Prove that if n is an odd positive integer, then 1 ≡ n2 (mod 4).
n = 2k+1
n^2 = 4k^2+4k+1 = 4(k^2+k) + 1
To prove that if n is an odd positive integer, then 1 ≡ n^2 (mod 4), we need to show that n^2 is congruent to 1 modulo 4.
Let's break down the process into smaller steps:
Step 1: Express n as an odd positive integer.
Since n is given to be an odd positive integer, we can write it as n = 2k + 1, where k is a non-negative integer.
Step 2: Substitute n from Step 1 into the equation n^2.
n^2 = (2k + 1)^2 = 4k^2 + 4k + 1
Step 3: Simplify the expression obtained in Step 2.
We can simplify the expression by factoring out 4 from the first two terms:
n^2 = 4(k^2 + k) + 1
Step 4: Observe the expression obtained in Step 3 and understand its properties.
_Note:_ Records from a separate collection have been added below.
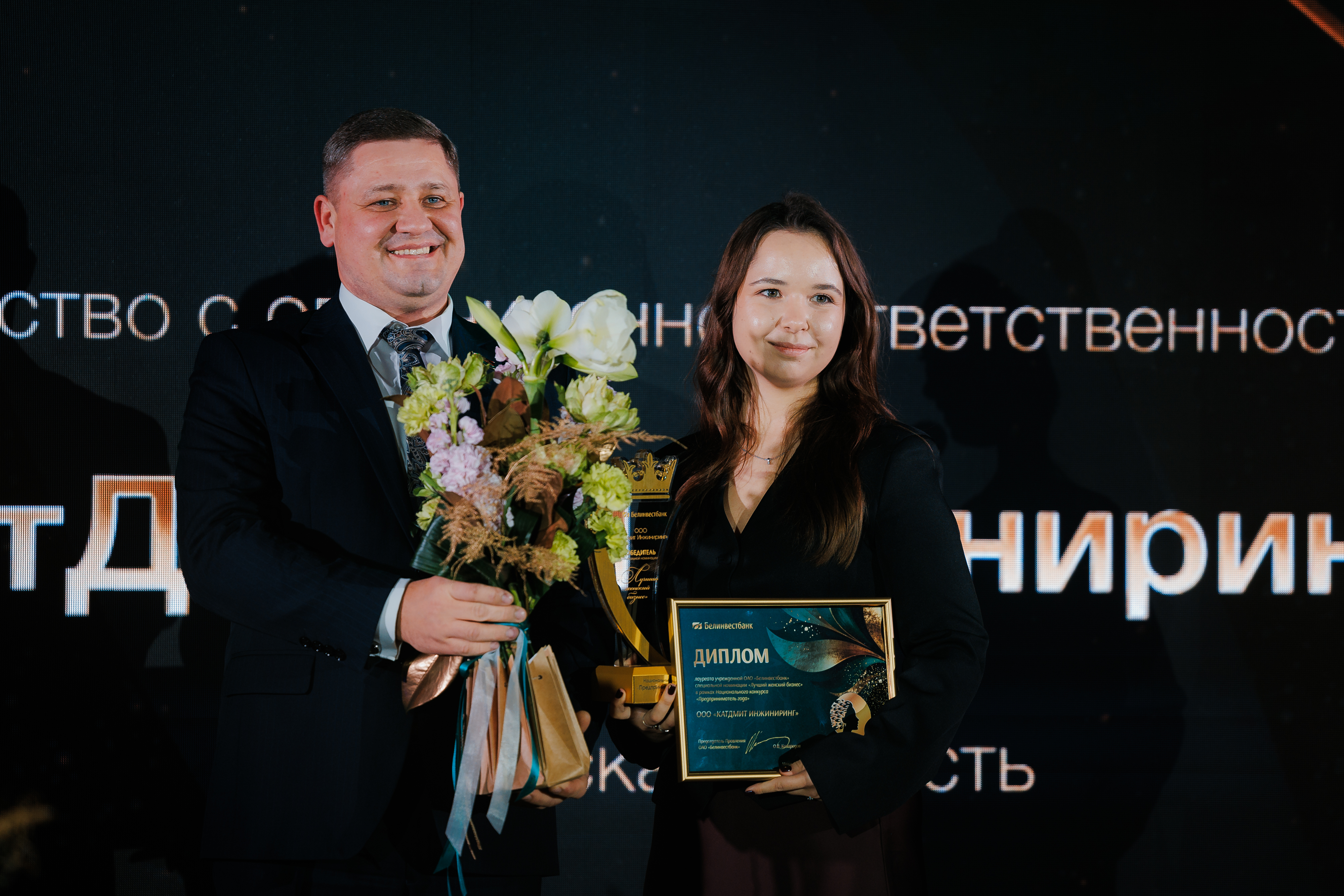 Кобяков Андрей Владимирович вручает награду победителям конкурса "Лучший предприниматель - 2016"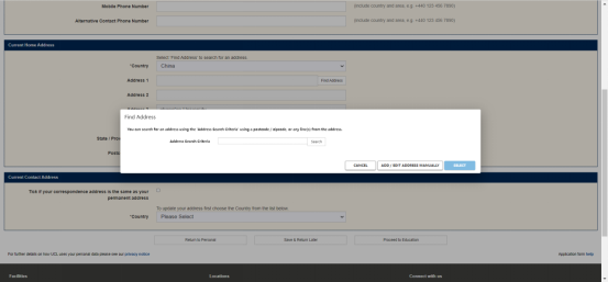 家庭住址信息:第一栏下拉选择国家China之后,会跳出地址框,点击旁边的Find Address,会跳出搜索栏,选择人工输入地址ADD/EDIT ADDRESS MANUALLY,这样就可以敲入你的地址了,输入地址完成后,选择SELECT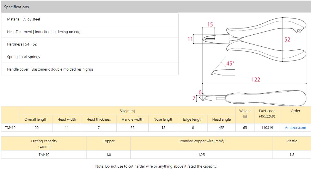 Kìm cắt chân linh kiện TM-10 là kìm cắt lưỡi chéo 45 độ chuyên cắt chân linh kiện điện tử. Với bộ bền cao, thiết kế thuận tiện thao tác. Kìm được nhiều nhà máy đang sử dụng tại Việt Nam.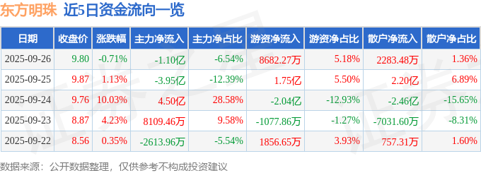 9月26日的资金流向数据方面,主力资金净流出1.1亿元,占总成交额6.54%,游资资金净流入8682.27万元,占总成交额5.18%,散户资金净流入2283.48万元,占总成交额1.36%。

Since k^2 + k is an integer, let's denote it as m, where m = k^2 + k.
So we have n^2 = 4m + 1.
Step 5: Determine the congruence of n^2 (mod 4).
To find the congruence of n^2 (mod 4), we need to divide n^2 by 4 and observe the remainder.
Divide n^2 by 4:
n^2 = 4m + 1 = 4m + (4 - 3) = 4m + 4 - 3 = 4(m + 1) - 3
The last expression, 4(m + 1) - 3, can be rewritten as:
4(m + 1) ≡ 3 (mod 4)
Step 6: Observe the final expression.
In the expression 4(m + 1) ≡ 3 (mod 4), we can see that the left side, 4(m + 1), is divisible by 4 without any remainders. Therefore, it is congruent to 0 mod 4.
So we have:
4(m + 1) ≡ 0 (mod 4)
Now, let's compare this to the right side: 3 (mod 4).
When we divide 3 by 4, we get a remainder of 3.
Therefore, we have proved that 4(m + 1) is congruent to 3 (mod 4):
4(m + 1) ≡ 3 (mod 4)
Step 7: Final conclusion.
Since 4(m + 1) ≡ 3 (mod 4), this implies that n^2 ≡ 1 (mod 4). Therefore, if n is an odd positive integer, then 1 ≡ n^2 (mod 4), as required.
Note: It's important to understand the properties of congruence and divisibility to follow this proof.